Boswell A, Evans L, Rigg K, Shehata M
Nottingham Kidney Transplant Unit, Nottingham City Hospital NHS Trust, Nottingham, UK.
Transplant Proc. 2005 Mar;37(2):884-5. doi: 10.1016/j.transproceed.2005.01.013.
The introduction of calcineurin inhibitors (CNIs) in clinical transplantation has resulted in dramatic reduction in acute rejection rate and improvements in short-term allograft survival. However, CNI-induced chronic nephrotoxicity is a clinical concern since it is a major cause of chronic allograft failure. Recent studies suggest that withdrawal or reduction of CNI dosage results in improvement in graft function and survival. The aim of this study was to evaluate the safety and efficacy of substituting CNIs with mycophenolate mofetil (MMF) at 6 months' postkidney transplant.

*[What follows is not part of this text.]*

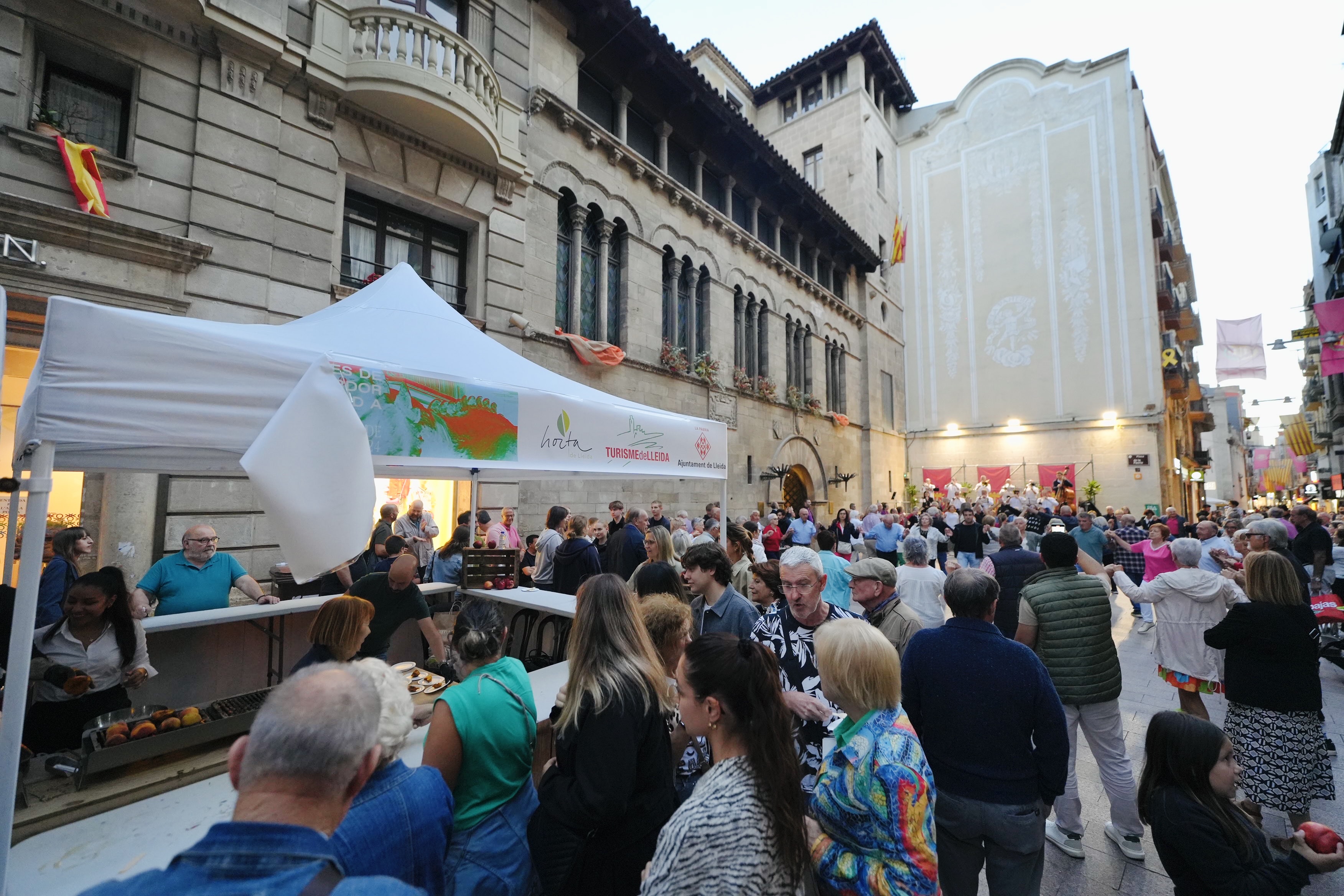 La plaça de la Paeria s’ha omplert per escoltar el pregó d’enguany, que, a més, ha comptat amb un tast de fruita organitzat per Turisme de Lleida i per la marca Horta de Lleida, previ al pregó. El tast ha donat l’oportunitat als i les assistents de degustar porcions de fruita de Lleida a la brasa, amb mel i canyella. Per amenitzar la degustació, i com a novetat, hi ha hagut una sessió de garrotins a càrrec del grup musical Machín.

Kidney transplant recipients of first or second grafts (n = 20) maintained on CNI-based therapy and with no history of irreversible acute or vascular rejection were included in the study. Primary end points were the incidence of biopsy-proven acute rejection or treatment failure. Secondary end points included changes in mean serum creatinine and estimated GFR (Cockroft and Gault, CG) over time, incidence of infection, cardiovascular risk factors (blood pressure, cholesterol), graft and patient survival rates, as well as incidence of biopsy-proven chronic allograft nephropathy (CAN). Study patients were compared to a matched control group (n = 20) who remained on CNI-based therapy at equivalent time points.
Incidence of acute rejection following CNI withdrawal was 15%. All episodes reversed with steroid pulses. There was no significant difference in mean serum creatinine or estimated GFR during the follow-up period. No significant change occurred in blood pressure or antihypertensive agents between the groups; however, there was a trend toward lower cholesterol levels after CNI withdrawal. No graft or patient loss was seen during the study period. Biopsy-proven CAN was diagnosed in 2 control patients (10%) at 6 to 8 months' posttransplant.
Withdrawal of CNI at 6 months following kidney transplantation is associated with an increased risk of rejection and a trend toward lower serum creatinine and cholesterol levels. Further follow-up is needed to establish the long-term results of CNI-sparing regimens on the development of CAN.
钙调神经磷酸酶抑制剂(CNIs)在临床移植中的应用使急性排斥反应率显著降低,短期移植物存活率提高。然而,CNI诱导的慢性肾毒性是一个临床问题,因为它是慢性移植物功能衰竭的主要原因。最近的研究表明,停用或减少CNI剂量可改善移植物功能和存活率。本研究的目的是评估肾移植术后6个月用霉酚酸酯(MMF)替代CNIs的安全性和有效性。
本研究纳入首次或二次移植的肾移植受者(n = 20),这些患者接受基于CNI的治疗,且无不可逆急性或血管排斥反应史。主要终点是活检证实的急性排斥反应或治疗失败的发生率。次要终点包括随时间变化的平均血清肌酐和估计肾小球滤过率(Cockcroft和Gault,CG)、感染发生率、心血管危险因素(血压、胆固醇)、移植物和患者存活率,以及活检证实的慢性移植物肾病(CAN)的发生率。将研究患者与在相同时间点仍接受基于CNI治疗的匹配对照组(n = 20)进行比较。
停用CNI后急性排斥反应的发生率为15%。所有发作均通过类固醇冲击治疗逆转。随访期间平均血清肌酐或估计肾小球滤过率无显著差异。两组间血压或抗高血压药物无显著变化;然而,停用CNI后胆固醇水平有降低趋势。研究期间未观察到移植物丢失或患者死亡。2例对照患者(10%)在移植后6至8个月被诊断为活检证实的CAN。
肾移植术后6个月停用CNI与排斥反应风险增加以及血清肌酐和胆固醇水平降低趋势相关。需要进一步随访以确定减少CNI方案对CAN发生发展的长期结果。